Why the 3D web is 2.0

Sometimes criticism helps you find the reason for some of your ideas, and a thing that you consider to be perfectly obvious becomes, all of a sudden, questionable.

The challenged belief for today was "Second Life is a web 2.0 phenomenon". I have always been adamant about this, and yet I have to recognize that it is difficult to offer a decisive argument for it. I am lucky because no mathematically constraining definition has been offered for web2.0-ness until now, so there must be some allowance around the issue…

My defence revolves around two basic characteristics, which are shared by both virtual worlds and blogs/wikis/social networks.

On one hand, the user creates a public image – an online representation – of himself. This happens in different ways, since the creation of an avatar has a strict resemblance to the way we present ourselves to the persons who surround us in the real world: being looked at. But it is nonetheless an image controlled by me, exactly like the one I build for myself by writing on this blog.

The second point is about the feeling of co-presence given by the ability to see what other users are doing or have done in an online environment. Call it the live web, or the inhabited part of the web, it can be synchronous or asynchronous, text-only or in 3D photorealism, but the sensation of sharing the environment with others is the significant part of the experience.

  • Fabio Turel |

    @Roberto Carraro: the question about the next steps in merging the real and the “virtual” (in the broadest possible meaning) world is an interesting one, and deserves a dedicated post.
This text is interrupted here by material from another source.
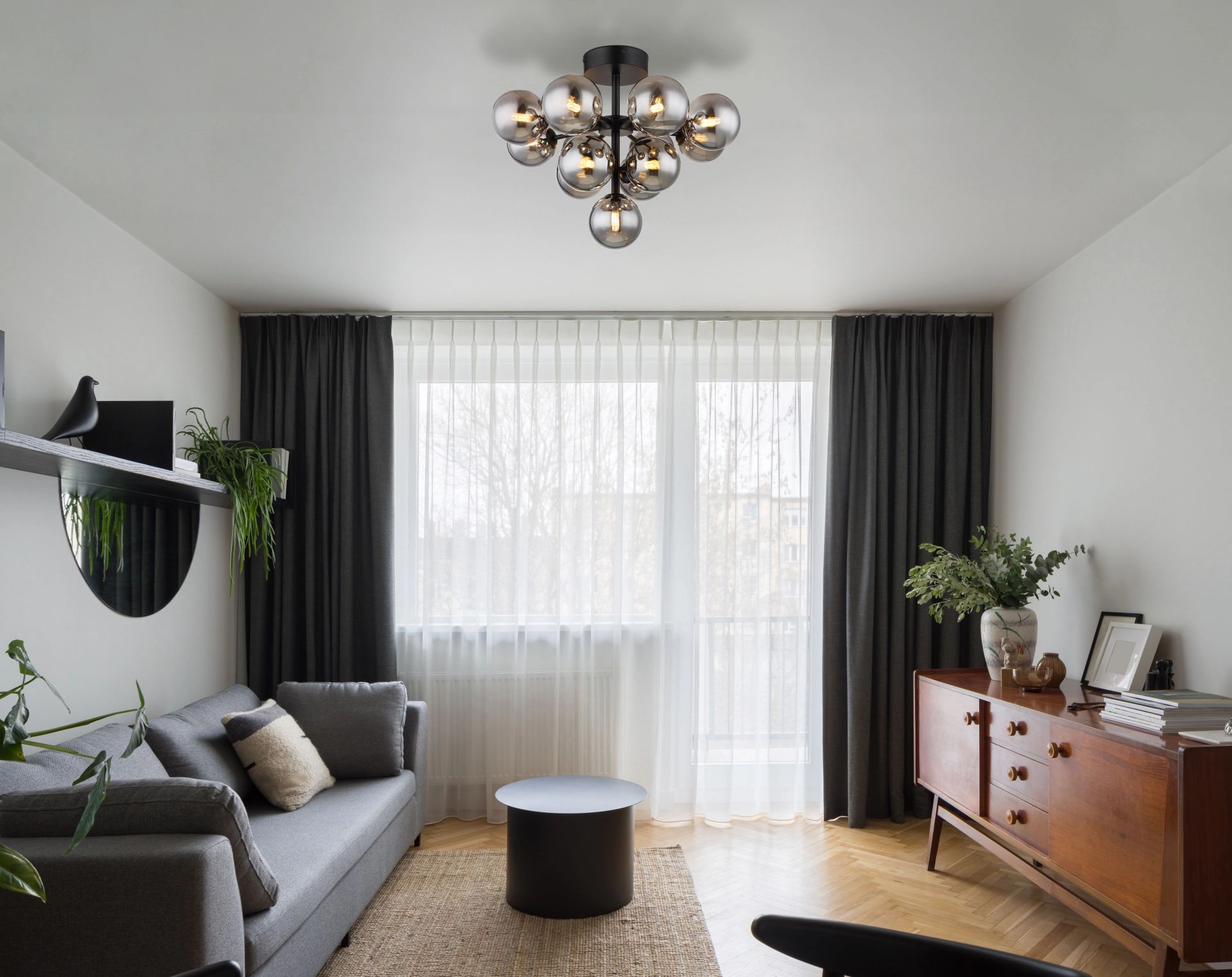 De ronde plafondlamp Grappu is de perfecte aanvulling voor elke kamer en biedt een moderne en stijlvolle lichtoplossing. Deze lamp, vervaardigd uit zwart mat gelakt metaal en voorzien van rookkleurige glazen bollen, creëert een uniek lichtspel dat uw interieur een bijzondere sfeer geeft. Met zijn elegante combinatie van materialen past de plafondlamp moeiteloos in diverse omgevingen. Met een diameter van 560 mm en 13 G9 LED-lampen met een vermogen van 5W, zorgt deze lamp voor een aangename en sfeervolle verlichting in uw woon- of eetkamer.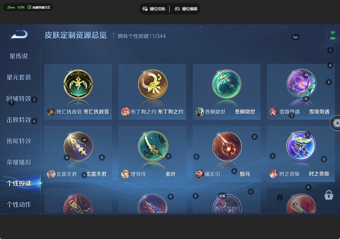 大乔猫狗日记,高渐离天秀·音浪,高渐离燃音魔法,刘邦德古拉伯爵,夏侯惇乘风破浪,阿轲暗夜猫娘,阿轲节奏热浪,沈梦溪匿光破解者,铠曙光守护者,刘备百相守梦,曹操幽灵船长,廉颇地狱岩魂,伽罗箭羽风息,小乔缤纷独角兽,小乔青蛇,孙尚香时之恋人,孙策猫狗日记,不知火舞魅语,赵怀真鹤归松栖,鲁班七号电玩小子,项羽苍穹之光,吕布圣诞狂欢,吕布末日机甲,露娜紫霞仙子,诸葛亮黄金分割率,刘禅电玩·爆裂旋风,司马懿暗渊魔法,刘禅天才门将,刘禅绅士熊喵,宫本武藏鬼剑武藏,公孙离无限星赏官,兰陵王暗隐猎兽者,貂蝉圣诞恋歌,花木兰水晶猎龙者,夏洛特永昼,李白千年之狐,安琪拉心灵骇客,蒙犽百解令,杨戬天秀·启明,西施诗语江南,白起星夜王子,白起苍鳞隐世,亚瑟心灵战警,嬴政摇滚巨星,嬴政暗夜贵公子,程咬金功夫厨神,百里玄策原初追逐者,雅典娜冰冠公主,雅典娜黎明之约,韩信白龙吟,李元芳匿光侦查者,百里守约特工魅影,李元芳逐浪之夏,墨子金属风暴,蔡文姬舞动绿茵,瑶遇见神鹿,澜赏金猎手,娜可露露晚萤,王昭君偶像歌手,嫦娥拒霜思,橘右京修罗

For now, in a nutshell, I’d say that the next steps will have a lot to do with the bits of our identity that we are willing to transfer to the web, and the way services, interfaces and devices will enable us to do that.

  • Roberto Carraro |

    Sono d’accordo sulla sua posizione: la nascita di un ambiente digitale abitato da persone vere, sia esso testuale , iconico, video, ha creato la vera “Second Life”.
    Poco importa se le persone siano rappresentate da testi, emoticon, webcam o avatar.
    E’ però innegabile che le tecnologie 3d offrono modelli di esperienza più coinvolgenti, e che l’web 3.0 sarà sempre più simile al mondo reale.
    Secondo lei quali saranno i prossimi passi per portare il mondo reale nel web?